▸ Exercise details: Once you reach the line with "Volunteers from Jamar" in the material below, copy each line exactly up to and including the line with "GET ON THE GRID WITH EXCLUSIVE GRID WALKS!", and skip the pictures.

▸ Exercise material:
====

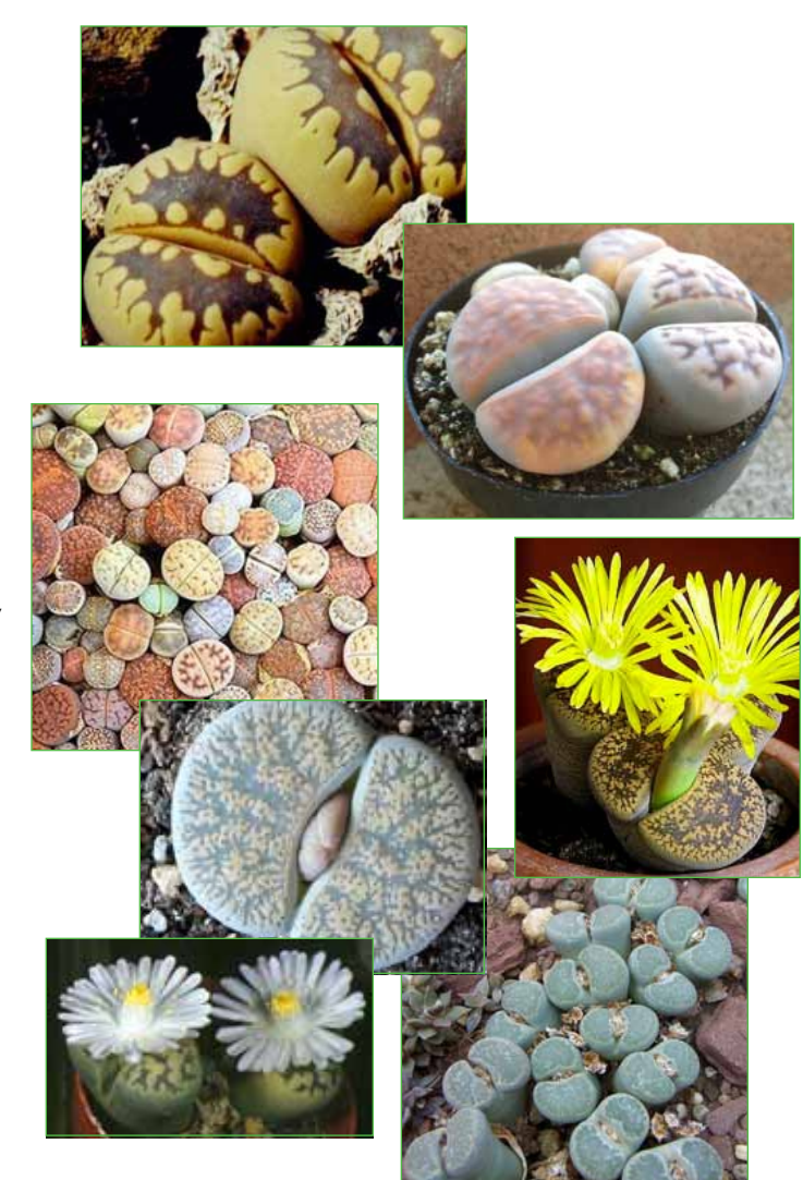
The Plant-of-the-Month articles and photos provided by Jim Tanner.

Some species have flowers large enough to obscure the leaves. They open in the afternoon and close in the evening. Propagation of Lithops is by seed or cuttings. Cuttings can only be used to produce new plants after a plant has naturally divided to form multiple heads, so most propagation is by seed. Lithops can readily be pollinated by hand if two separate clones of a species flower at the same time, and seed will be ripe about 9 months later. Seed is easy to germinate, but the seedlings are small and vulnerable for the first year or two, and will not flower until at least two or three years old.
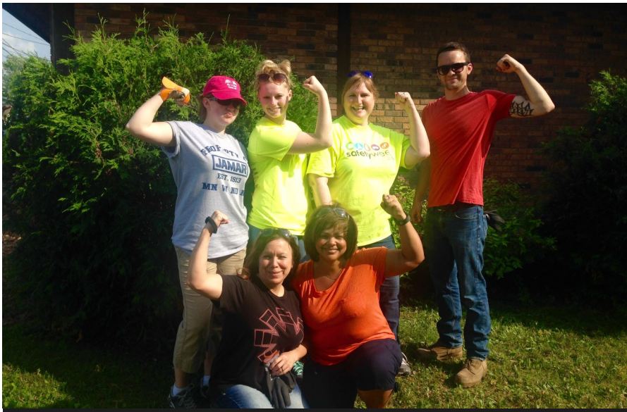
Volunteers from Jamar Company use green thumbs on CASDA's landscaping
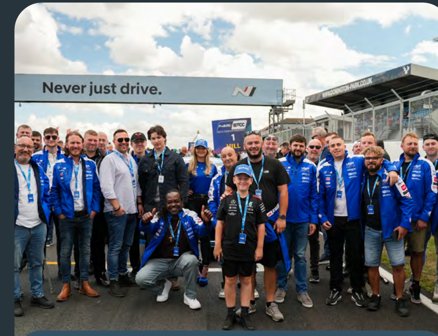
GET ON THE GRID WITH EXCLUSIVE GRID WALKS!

====

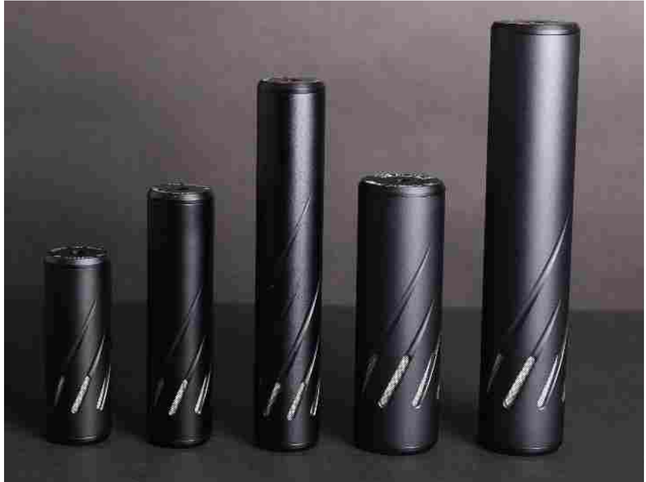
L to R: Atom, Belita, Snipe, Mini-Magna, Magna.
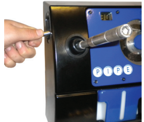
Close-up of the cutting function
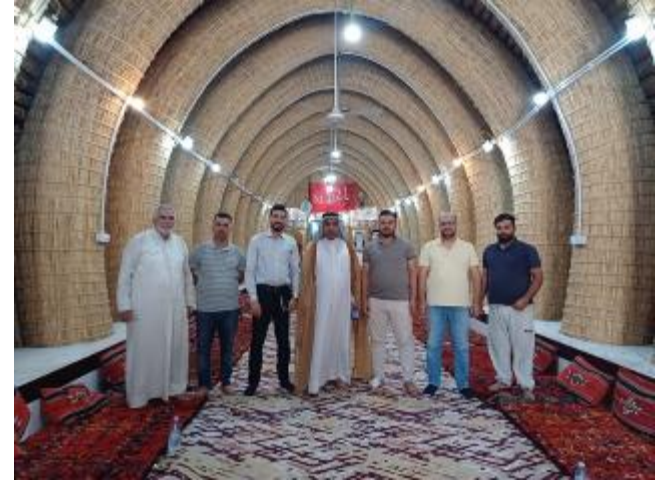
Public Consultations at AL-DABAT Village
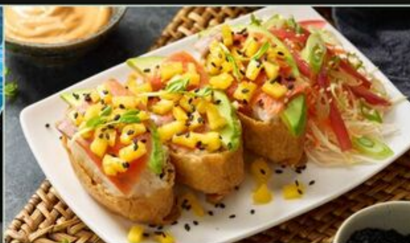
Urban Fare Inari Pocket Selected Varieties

====

▸ Written solution:
Volunteers from Jamar Company use green thumbs on CASDA's landscaping
GET ON THE GRID WITH EXCLUSIVE GRID WALKS!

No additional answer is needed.